Abstract
Aim
This study aimed to evaluate and compare the readability and quality of information in responses generated by artificial intelligence (AI) models to patients’ frequently asked questions about systemic isotretinoin, a medication commonly prescribed in dermatology.
Materials and Methods
Thirty-four frequently asked questions from patients using isotretinoin were prepared by a team of dermatology specialists. These questions were posed to three AI-based text-generation tools (ChatGPT, Gemini 2.0, and Copilot), and the responses were analyzed. The resulting texts were compared in terms of readability levels [Flesch Reading Ease score (FRES), Flesch-Kincaid Grade Level (FKGL), Simple Measure of Gobbledygook (SMOG), Gunning Fog index (GFOG), Coleman-Liau index (CLI), and Automated Readability index (ARI)], sentence lengths, and content quality, which was evaluated by dermatologists.
Results
None of the AI models achieved the optimal readability threshold (FRES ≥ 60). Readability metrics differed significantly among models. Gemini produced responses that were significantly less readable and more complex than those produced by ChatGPT and Copilot across all readability indices, including FRES, FKGL, SMOG, GFOG, CLI, and ARI; post-hoc analyses confirmed differences between Gemini and the other models. Sentence counts also differed significantly, with Gemini generating longer responses than Copilot. In contrast, Likert-based quality scores and response appropriateness were comparable across models, with no statistically significant differences observed.
Conclusion
This study demonstrates that AI models produce academic responses that are difficult for those unfamiliar with medical terminology to understand, and can generate outputs with variable readability in health-related content. These findings highlight the need for careful evaluation of AI-based content for use in healthcare.
INTRODUCTION
Chatbots are computer programs that can understand and respond to speech and text in a human-like manner using various algorithms. Large language models are used to simulate human conversation. Many companies are using this technology to develop their own chatbots.1, 2 A major milestone in this field was the introduction of ChatGPT in 2022. These chatbots have various applications, including serving as dialogue systems, providing language translation, and generating content. Alongside ChatGPT, other chatbots utilizing large language models have been launched.1, 3 Microsoft Copilot is another chatbot with different functionalities.
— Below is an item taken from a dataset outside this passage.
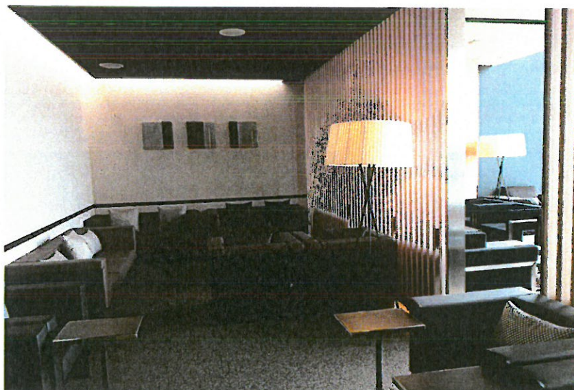
➤ 圖表10-1成田國際機場自營貴賓室

繼本公司於 105 年推動日本關西國際機場、北京國際機場、香港國際機場之機場貴賓室優惠活動後，於本次與日本成田機場服務合作計畫會議中，本公司提出貴賓室優惠活動計畫方案供成田國際機場參考，與會代表均表示考慮將其列為未來合作事項之一，並進行由成田機場自營貴賓室內部場勘，以做為未來合作之參考。

Unlike ChatGPT, it can search the internet and update its knowledge base.4 Google Gemini, developed in collaboration with Google teams, integrates different types of information: text, code, audio, images, and video to serve as a writing, planning, and learning assistant.1 Besides these, there are currently over 5,100 chatbots, approximately 100 of which are used in healthcare applications.5 Chatbots offer advantages such as improving diagnostic accuracy, supporting personalized treatment plans, facilitating the translation of the latest medical literature into clinical practice, and contributing to patient education, thereby enhancing healthcare services.5, 6
Many dermatological diseases have a chronic course and require long-term follow-up and treatment. However, patients do not always have easy access to a dermatologist. Therefore, patients increasingly turn to online platforms, including social media and artificial intelligence (AI) chatbots, to obtain information about their diseases and the medications they use. Although these assistive tools are well-designed, concerns remain regarding the accuracy, currency, and reliability of the medical information they provide, and regarding the transparency with which user data are handled. To address these concerns, various studies on AI chatbots have been conducted in different specialties.6–9 In this study, we investigated the readability and reliability of chatbot responses to the most frequently asked questions about isotretinoin, a medication commonly prescribed in dermatology outpatient clinics.
MATERIALS AND METHODS
Chatbots
Chatbots were selected considering factors such as user fees, login requirements, and inspiration from previous similar studies. The chatbots selected for the study and their versions were ChatGPT 4, Google Gemini 2.0, and Microsoft 365 Copilot; the readability and quality of the responses from these chatbots were evaluated. In the remainder of this paper, these chatbots are referred to as ChatGPT, Gemini, and Copilot. The chatbots were accessed using a personal computer (MacBook Air M2) connected to a home broadband connection. Data were collected between July 1 and July 5, 2025.
Questions
The questions about isotretinoin, the most frequently prescribed active ingredient in dermatologic practice, were prepared by expert dermatologists. Of the prepared questions, 34 were selected. Each question was asked individually to the chatbots, and the responses were recorded in separate documents for review and analysis. Responses were examined by two dermatologists specializing in the field. All items were evaluated jointly by two dermatologists. Both the 5-point Likert scale ratings and the appropriateness classifications (appropriate, incomplete, and inappropriate) were determined by discussion and assigned by consensus. Since the ratings were not performed independently, interrater reliability analysis was not applicable. The British Association of Dermatologists’ guidelines were taken as the criterion for response accuracy (Supplementary).10 The Likert scale developed by Kumari et al.,11 shown in Table 1, was used to evaluate the accuracy of responses. Furthermore, chatbot responses were classified into three categories: “appropriate”, “incomplete”, and “inappropriate”. An appropriate response was defined as accurate, complete, and consistent with what an expert would advise a patient in the same situation; an inappropriate response was defined as inconsistent with expert opinion or containing incorrect information; and an incomplete response was defined as correct and relevant but lacking sufficient detail. Prior to each question, the chatbot sessions were reset.
Readability Analysis
After the accuracy of the responses had been verified by two independent dermatologists, a readability analysis was performed for each response. The following measures were used: Flesch Reading Ease score (FRES), Flesch-Kincaid Grade level (FKGL), Simple Measure of Gobbledygook (SMOG), Gunning Fog index (GFOG), Coleman-Liau index (CLI), and Automated Readability index (ARI). In addition, sentence lengths for each response were compared.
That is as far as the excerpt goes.